Items from a data source
........
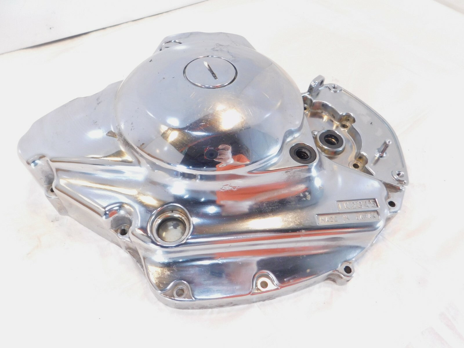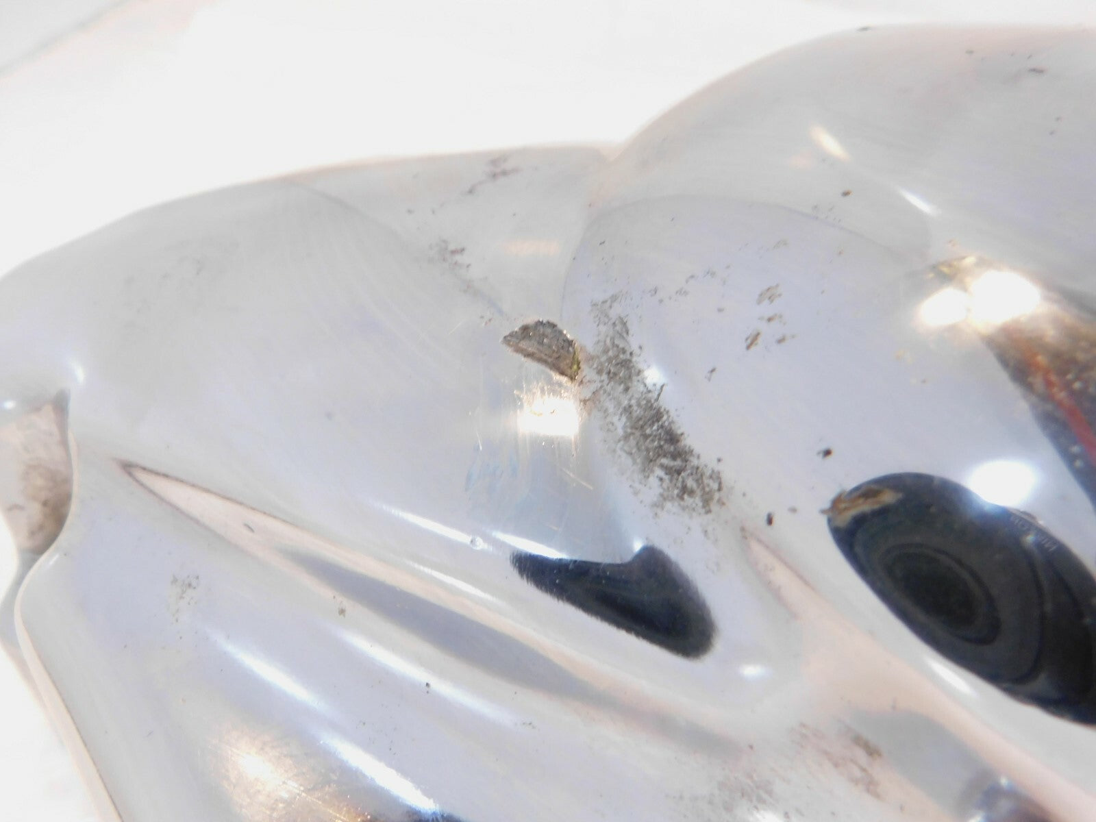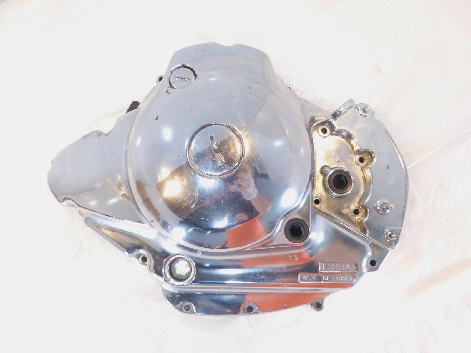 This is a used stator cover in good condition. It is a little dirty and has some marks from previous use and storage and has a small rash spot and some bubbling in the chrome (as pictured).
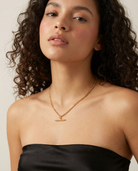 Bold. Sleek. Effortless. The Lana Necklace features a chunky gold chain finished with a minimal bar toggle pendant, striking on its own or layered with your daintier pieces. A staple for modern edge with timeless appeal.
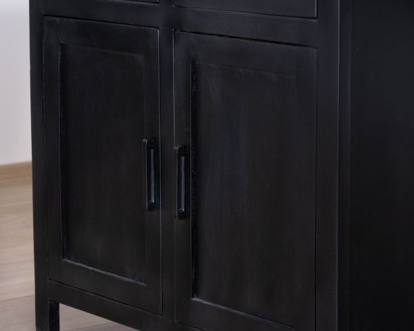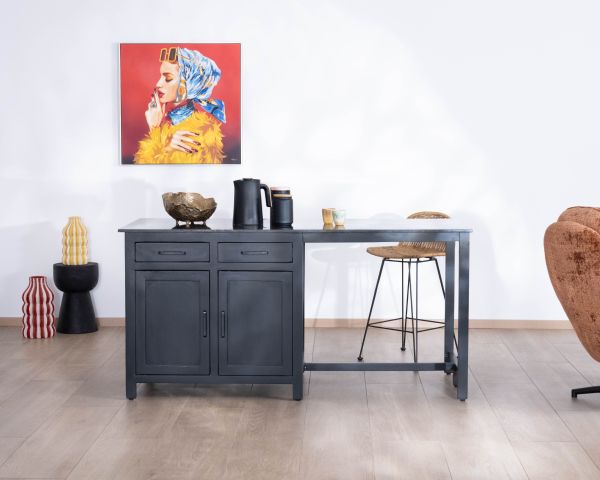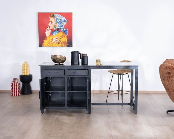Con il suo colore nero intenso, i frontali in legno massiccio di mango e lo spesso piano in granito, questa isola da cucina "Grand Chef" con zona pranzo è una dichiarazione audace e contemporanea. Progettata per cucine aperte e spazi abitativi conviviali, è attraente sia per il suo design audace che per la sua eccezionale funzionalità. Con i suoi armadi passanti e i quattro cassetti su entrambi i lati, quest'isola centrale in mango massiccio e pietra naturale offre un'impressionante quantità di spazio di archiviazione, ideale per tenere tutto a portata di mano. Un centrotavola dal look industrial chic tanto pratico quanto elegante.
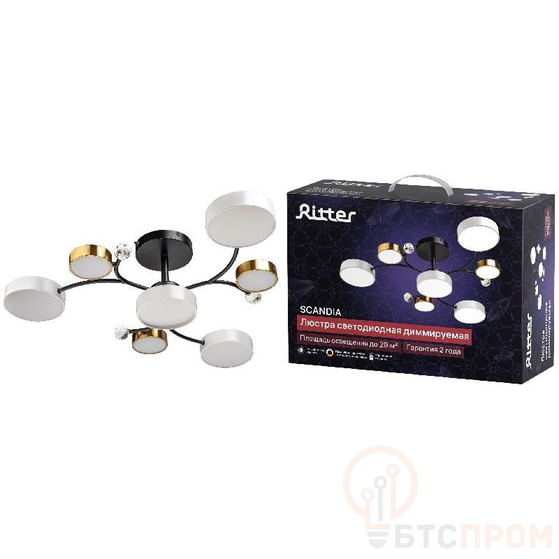 Люстра светодиодная Ritter 51599 3 SCANDIA мощностью 80Вт и размером 750x210 мм. Освещает площадь до 29 кв.м. Пульт ДУ, три режима, диммирование. Черно-зелено-белый корпус.
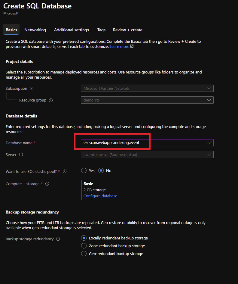 "connectionString": "Server=tcp:ewa-demo-sql.database.windows.net,1433;Initial Catalog=ezescan.webapps.indexing.event;Persist Security Info=False;User ID=ewa-dba;Password={your_password};MultipleActiveResultSets=False;Encrypt=True;TrustServerCertificate=False;Connection Timeout=30;"
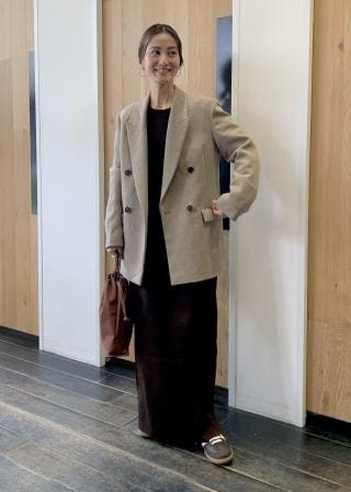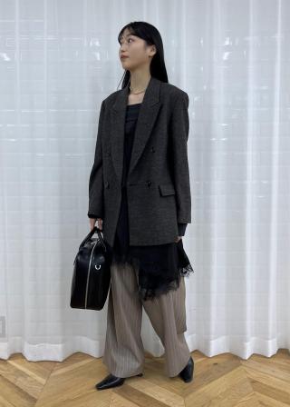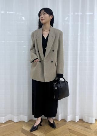 柔らかな色と素材感でありながら、ダブルブレストとピークドラペルのディティールを取り入れることで、マニッシュにも着用できるアイテムに。
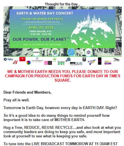 OMMM + Good News Corp/Producer Pause the World for Peace – Earth Day/Clergy for Safe Cities
........
REQUIREMENT: Pictures do not belong in the copy. Repeat only the lines from the top of the records through the line containing "Bold. Sleek. Effortless.".

ANSWER:
 This is a used stator cover in good condition. It is a little dirty and has some marks from previous use and storage and has a small rash spot and some bubbling in the chrome (as pictured).
 Bold. Sleek. Effortless. The Lana Necklace features a chunky gold chain finished with a minimal bar toggle pendant, striking on its own or layered with your daintier pieces. A staple for modern edge with timeless appeal.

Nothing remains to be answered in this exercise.